Teklifin 12. maddesi ile 298 sayılı Kanuna geçici madde eklenmekte 5 ve 6. maddelerin uyum hükümleri düzenlenmektedir. Bu düzenleme ile il ve ilçe seçim kurulu üyelerinin belirlenmesinde uygulanacak usulün bu Kanunun yürürlüğe girmesinden itibaren 3 ay içinde yeniden belirlenmesi teklif edilmektedir. Anayasanın 67. Maddesinin son fıkrasında “Seçim kanunlarında yapılan değişiklikler, yürürlüğe girdiği tarihten itibaren bir yıl içinde yapılacak seçimlerde uygulanmaz.” İfadesi yer almaktadır. Hüküm açık ve amirdir. Madde hükmü bu yönüyle şeklen Anayasaya aykırıdır. 5 ve 6. maddelerdeki gerekçelerimiz burada da geçerlidir. Bu maddelerle birlikte Teklif metninden çıkarılmalıdır.

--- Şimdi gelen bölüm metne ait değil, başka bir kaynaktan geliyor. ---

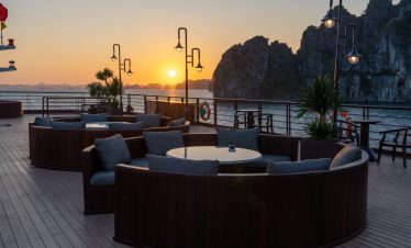 On La Regina Classic Cruise, all cabins are designed in a warm wooden style, with large windows framing the seascape and private en-suite bathrooms for comfort. Guests can choose between cozy double/twin cabins for couples and friends, or larger options suitable for small families who prefer to stay together. Most cabins offer sea views so you can wake up to limestone peaks and drifting fishing boats; premium options bring extra space or balcony areas ideal for sunrise coffee or sunset conversation. For honeymooners or special occasions, ViettrendTour can arrange romantic turndown touches, anniversary setups and cabin placement in quieter locations upon request.

Teklifin 13. Maddesinin tüm kurgusunda ihtiyar heyeti veya meclisi muhtarla birlikte yer almıştır. Muhtarın yanı sıra ihtiyar heyeti veya meclisi de seçilme yeterliğine sahip olduğunu aynı şekilde belgelendirmelidir. Ek olarak bu belgelendirme işleminin seçim tarihi öncesinde yapılması zaruret arz etmektedir. Elektronik alt yapın ve E-Devlet alt yapısı bahse konu başvuruların yapılması ve belgelendirilme şartının sağlanması bakımından yeterlidir. Bu yöndeki önerilerimiz dikkate alınmamış sadece bir önerge ile "bir ay" ibaresi "on gün" olarak değiştirilmiştir.

Sonuç olarak; Hazırlık süreci katılımcılıktan uzak, Türkiye Büyük Millet Meclisi Başkanlığında yeterince sağlıklı tartışma ortamı sağlanmamış, işin başında hakimlerimizi, yargı organlarını töhmet altında bırakacak düzenlemeler ihtiva eden, Türk seçim sisteminde yerleşik ve güven duyulan uygulamalardan iktidarın sistemle oynayarak oy kazanma gayretinin sonucu vazgeçildiği, seçimin güvenliğini tehlikeye atan, seçmen kütüklerinin oluşturulmasında ve seçmenlerimizin oy kullanmalarında uygulamada sıkıntı ve tereddütler yaratacak düzenlemeleri barındıran, Anayasamızda ifadesini bulan; seçimlerin yargı denetimi altında yapılması ilkesinden uzaklaşan düzenlemeleri içeren ve şu aşamada dahi kamu oyu nezdinde önümüzdeki seçimlerde şaibe yapılacağı algısı oluşturan Teklife, yukarıda belirtilen gerekçelerle muhalif olduğumuzu belirtiyoruz.